══ Exercise data ══
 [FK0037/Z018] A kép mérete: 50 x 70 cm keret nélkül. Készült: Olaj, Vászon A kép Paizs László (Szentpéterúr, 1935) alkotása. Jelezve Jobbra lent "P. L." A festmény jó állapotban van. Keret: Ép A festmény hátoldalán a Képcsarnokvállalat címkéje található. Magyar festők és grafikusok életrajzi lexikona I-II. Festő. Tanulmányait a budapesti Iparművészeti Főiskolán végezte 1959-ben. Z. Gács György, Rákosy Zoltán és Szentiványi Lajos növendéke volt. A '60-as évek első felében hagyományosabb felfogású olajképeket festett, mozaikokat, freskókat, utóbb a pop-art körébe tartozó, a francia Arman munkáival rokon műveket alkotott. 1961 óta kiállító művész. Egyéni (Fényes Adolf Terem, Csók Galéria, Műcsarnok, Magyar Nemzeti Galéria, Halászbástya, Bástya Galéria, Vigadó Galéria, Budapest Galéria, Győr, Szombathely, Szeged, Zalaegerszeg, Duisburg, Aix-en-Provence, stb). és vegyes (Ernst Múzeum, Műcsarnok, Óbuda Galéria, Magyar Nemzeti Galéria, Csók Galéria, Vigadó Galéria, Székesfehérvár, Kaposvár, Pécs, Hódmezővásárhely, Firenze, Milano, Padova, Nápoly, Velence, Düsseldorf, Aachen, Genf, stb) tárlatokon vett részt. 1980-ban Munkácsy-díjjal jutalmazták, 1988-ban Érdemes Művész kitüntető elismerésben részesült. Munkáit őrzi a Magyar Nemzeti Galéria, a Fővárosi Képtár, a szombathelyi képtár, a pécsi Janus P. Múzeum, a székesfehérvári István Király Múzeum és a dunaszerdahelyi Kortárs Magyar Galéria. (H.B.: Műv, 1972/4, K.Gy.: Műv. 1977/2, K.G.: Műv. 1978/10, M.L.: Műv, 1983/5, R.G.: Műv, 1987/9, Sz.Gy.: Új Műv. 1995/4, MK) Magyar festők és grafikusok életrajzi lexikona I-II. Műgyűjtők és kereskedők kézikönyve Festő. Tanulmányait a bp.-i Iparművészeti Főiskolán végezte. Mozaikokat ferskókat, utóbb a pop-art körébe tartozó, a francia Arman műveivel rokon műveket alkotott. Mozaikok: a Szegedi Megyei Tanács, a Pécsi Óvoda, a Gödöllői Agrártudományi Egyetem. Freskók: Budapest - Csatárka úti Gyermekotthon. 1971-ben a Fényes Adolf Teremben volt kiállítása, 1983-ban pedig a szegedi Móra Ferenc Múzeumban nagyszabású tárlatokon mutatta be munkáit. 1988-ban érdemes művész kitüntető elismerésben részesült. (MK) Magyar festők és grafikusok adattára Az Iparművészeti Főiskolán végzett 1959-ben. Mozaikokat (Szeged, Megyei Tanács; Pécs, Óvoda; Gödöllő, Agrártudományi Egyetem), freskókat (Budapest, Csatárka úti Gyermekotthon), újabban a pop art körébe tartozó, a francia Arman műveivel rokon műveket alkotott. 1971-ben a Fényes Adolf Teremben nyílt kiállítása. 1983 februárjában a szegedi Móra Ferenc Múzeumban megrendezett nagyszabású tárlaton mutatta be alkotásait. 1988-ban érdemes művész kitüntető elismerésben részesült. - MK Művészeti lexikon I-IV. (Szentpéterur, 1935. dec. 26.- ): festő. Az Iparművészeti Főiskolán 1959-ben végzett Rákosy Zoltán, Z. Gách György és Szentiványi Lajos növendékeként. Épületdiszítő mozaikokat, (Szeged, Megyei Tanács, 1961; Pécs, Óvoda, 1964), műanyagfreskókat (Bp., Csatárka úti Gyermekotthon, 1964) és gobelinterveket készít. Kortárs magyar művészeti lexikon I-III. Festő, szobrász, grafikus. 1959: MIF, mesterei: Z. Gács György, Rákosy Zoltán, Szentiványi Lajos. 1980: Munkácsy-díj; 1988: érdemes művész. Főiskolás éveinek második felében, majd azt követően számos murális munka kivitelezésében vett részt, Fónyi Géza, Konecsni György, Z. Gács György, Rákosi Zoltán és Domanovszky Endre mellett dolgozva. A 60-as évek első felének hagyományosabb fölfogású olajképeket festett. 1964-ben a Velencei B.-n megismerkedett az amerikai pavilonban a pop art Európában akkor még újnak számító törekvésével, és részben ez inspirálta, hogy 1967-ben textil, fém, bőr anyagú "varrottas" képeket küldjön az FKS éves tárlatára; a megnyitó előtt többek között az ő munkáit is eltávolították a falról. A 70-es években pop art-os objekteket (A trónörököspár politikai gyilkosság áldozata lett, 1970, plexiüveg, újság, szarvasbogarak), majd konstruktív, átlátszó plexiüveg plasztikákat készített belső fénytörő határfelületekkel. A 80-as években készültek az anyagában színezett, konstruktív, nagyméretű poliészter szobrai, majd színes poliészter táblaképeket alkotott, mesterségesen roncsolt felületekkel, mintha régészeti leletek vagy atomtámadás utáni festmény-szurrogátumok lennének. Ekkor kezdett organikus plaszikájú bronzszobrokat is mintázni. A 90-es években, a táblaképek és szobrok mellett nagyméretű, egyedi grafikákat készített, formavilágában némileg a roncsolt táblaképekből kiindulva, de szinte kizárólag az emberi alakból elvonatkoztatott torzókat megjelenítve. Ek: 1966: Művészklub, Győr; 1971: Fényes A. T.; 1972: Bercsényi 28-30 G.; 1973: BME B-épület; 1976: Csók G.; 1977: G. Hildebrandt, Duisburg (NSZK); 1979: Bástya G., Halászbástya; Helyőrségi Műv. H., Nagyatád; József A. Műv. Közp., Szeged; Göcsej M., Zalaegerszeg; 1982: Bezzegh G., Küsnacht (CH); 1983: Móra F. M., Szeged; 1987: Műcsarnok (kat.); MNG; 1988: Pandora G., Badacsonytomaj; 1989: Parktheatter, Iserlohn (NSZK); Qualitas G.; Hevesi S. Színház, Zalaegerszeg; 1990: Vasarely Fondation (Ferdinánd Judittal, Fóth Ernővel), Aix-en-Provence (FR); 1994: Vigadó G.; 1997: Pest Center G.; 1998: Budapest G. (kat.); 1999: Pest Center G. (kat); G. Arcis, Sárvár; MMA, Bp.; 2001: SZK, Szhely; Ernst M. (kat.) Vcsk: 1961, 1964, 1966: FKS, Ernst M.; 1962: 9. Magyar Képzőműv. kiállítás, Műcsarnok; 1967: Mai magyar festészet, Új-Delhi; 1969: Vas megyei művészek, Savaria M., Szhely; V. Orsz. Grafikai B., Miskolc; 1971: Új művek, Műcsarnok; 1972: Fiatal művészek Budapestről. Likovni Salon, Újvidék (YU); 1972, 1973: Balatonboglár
═══
══ Exercise data ══
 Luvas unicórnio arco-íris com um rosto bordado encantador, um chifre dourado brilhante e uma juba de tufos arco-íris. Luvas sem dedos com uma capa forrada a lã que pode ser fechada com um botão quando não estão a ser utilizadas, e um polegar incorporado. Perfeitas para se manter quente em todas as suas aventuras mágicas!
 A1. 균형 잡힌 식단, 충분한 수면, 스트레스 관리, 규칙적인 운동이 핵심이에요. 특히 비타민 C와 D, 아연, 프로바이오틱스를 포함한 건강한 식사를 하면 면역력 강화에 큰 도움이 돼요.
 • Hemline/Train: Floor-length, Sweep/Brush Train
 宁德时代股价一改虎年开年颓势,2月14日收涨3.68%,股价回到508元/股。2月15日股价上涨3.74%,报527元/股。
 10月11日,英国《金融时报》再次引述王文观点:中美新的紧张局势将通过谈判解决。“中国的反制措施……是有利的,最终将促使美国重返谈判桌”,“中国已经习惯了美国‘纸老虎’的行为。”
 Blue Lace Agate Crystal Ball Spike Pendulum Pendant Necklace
═══
**Action item**
Above are some records; copy exactly the lines from the one with "A1. 균형 잡힌 식단, 충분한" through the one with "宁德时代股价一改虎年开年颓势", both included, and no others.

**Result below**
 A1. 균형 잡힌 식단, 충분한 수면, 스트레스 관리, 규칙적인 운동이 핵심이에요. 특히 비타민 C와 D, 아연, 프로바이오틱스를 포함한 건강한 식사를 하면 면역력 강화에 큰 도움이 돼요.
 • Hemline/Train: Floor-length, Sweep/Brush Train
 宁德时代股价一改虎年开年颓势,2月14日收涨3.68%,股价回到508元/股。2月15日股价上涨3.74%,报527元/股。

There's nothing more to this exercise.